A beech grove in Serbian. A derivative from the Russian “bukva”, meaning a letter, and a rather obvious pun on the English word "book".
It is also a way to better see through the forests of letters while keeping an eye on the trees they consist of. The result of a collaboration between a team of literary scholars and computer scientists, Bukvik is an online collaborative system and a multilingual tool for textual analysis designed with a focus on style and an adaptive approach to a researcher’s (or a group of researchers’) specific needs.
Figure 1: Bukvik Infographic
Here you can see the top level architecture of the Bukvik infrastructure:
Figure 2: Bukvik Architecture
Bukvik works with any corpus in several languages and its modular structure ensures its ability to integrate almost any new or improved textual analysis tool developed in any programming language. It requires no programming skills from the user to use the existing system with the features it already includes. The user is given full control over the course of each experiment (research flow) (Figure 3, and Figures 6) from the selection of the corpus or corpora to methods of analysis and through to visualization of results, without leaving the system.
Figure 3: Conceptual diagram of a research flow in Bukvik
In addition, Bukvik supports collaboration and may be used for teaching purposes through original features such as commenting on research results and an automatic visualization of the steps of each experiment flow that ensures transparency and reproducibility. Not only the results, but also the procedure may be shared and commented on by several users online in real time.

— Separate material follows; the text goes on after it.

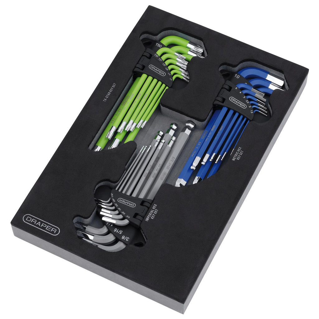 This is a triple set offering a range of metric and imperial ball-end hex keys and Draper TX-STAR® keys. Made from chrome vanadium steel, which has been correctly hardened and tempered for durability. Each has a coloured anti-slip coating for extra control and is plated for corrosion protection. Each set is organised inside an easy release fold-out holder for portability and all three sets are set in an EVA foam tray.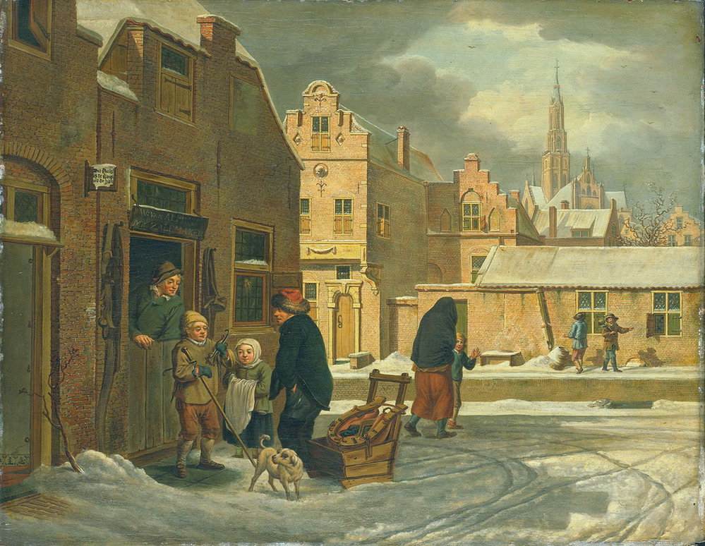 Stadsgezicht in de winter. Een man met een slede en twee kinderen staan voor een huis. Over de onderdeur kijkt een man naar buiten. De jongen heeft schaatsen in de linkerhand, een stok in de rechterhand. Hierbij ook een hond. Rechts lopen verschillende personen over de met sneeuw bedekte straten

Bukvik’s purpose is to explore the growing potential of computational tools to not only determine the author of a given text, or to explore patterns in enormous corpora through distant reading methods, but also to complement traditional methods of literary analysis. Thus, it provides verifiable information that will guide and enhance close reading and comparison of large texts by focusing the scholar on salient patterns and providing a smooth transition between distant and close reading. Bukvik allows, further, for the comparison of texts written in different languages, with reference to balanced corpora in each language. Balanced corpora are currently available in English, Russian and French (subject to copyright holder's permission). We welcome contributions of balanced corpora in other languages as, in principle, any other language may be supported.
Figure 4.a: Example of SoW (Society of Words) diagram
Figure 4.b: Example (detailed, color 'blue') of SoW diagram
The basic notions behind the system are:
Figure 5.a: Example of POS analysis diagram
Figure 5.b: Example of etymology analysis diagram
The capacity of Bukvik to be used by people who are strangers to programming is ingrained into the system’s structure. The internal mini-language (Bukvik is an example of data-driven programming, and uses a domain-specific language (DSL)) is designed to make tasks faster and easier to accomplish. Users with programming experience will find that the system's modular structure makes it easy and intuitive to extend the system to additional pre-existing tools or develop and integrate new ones.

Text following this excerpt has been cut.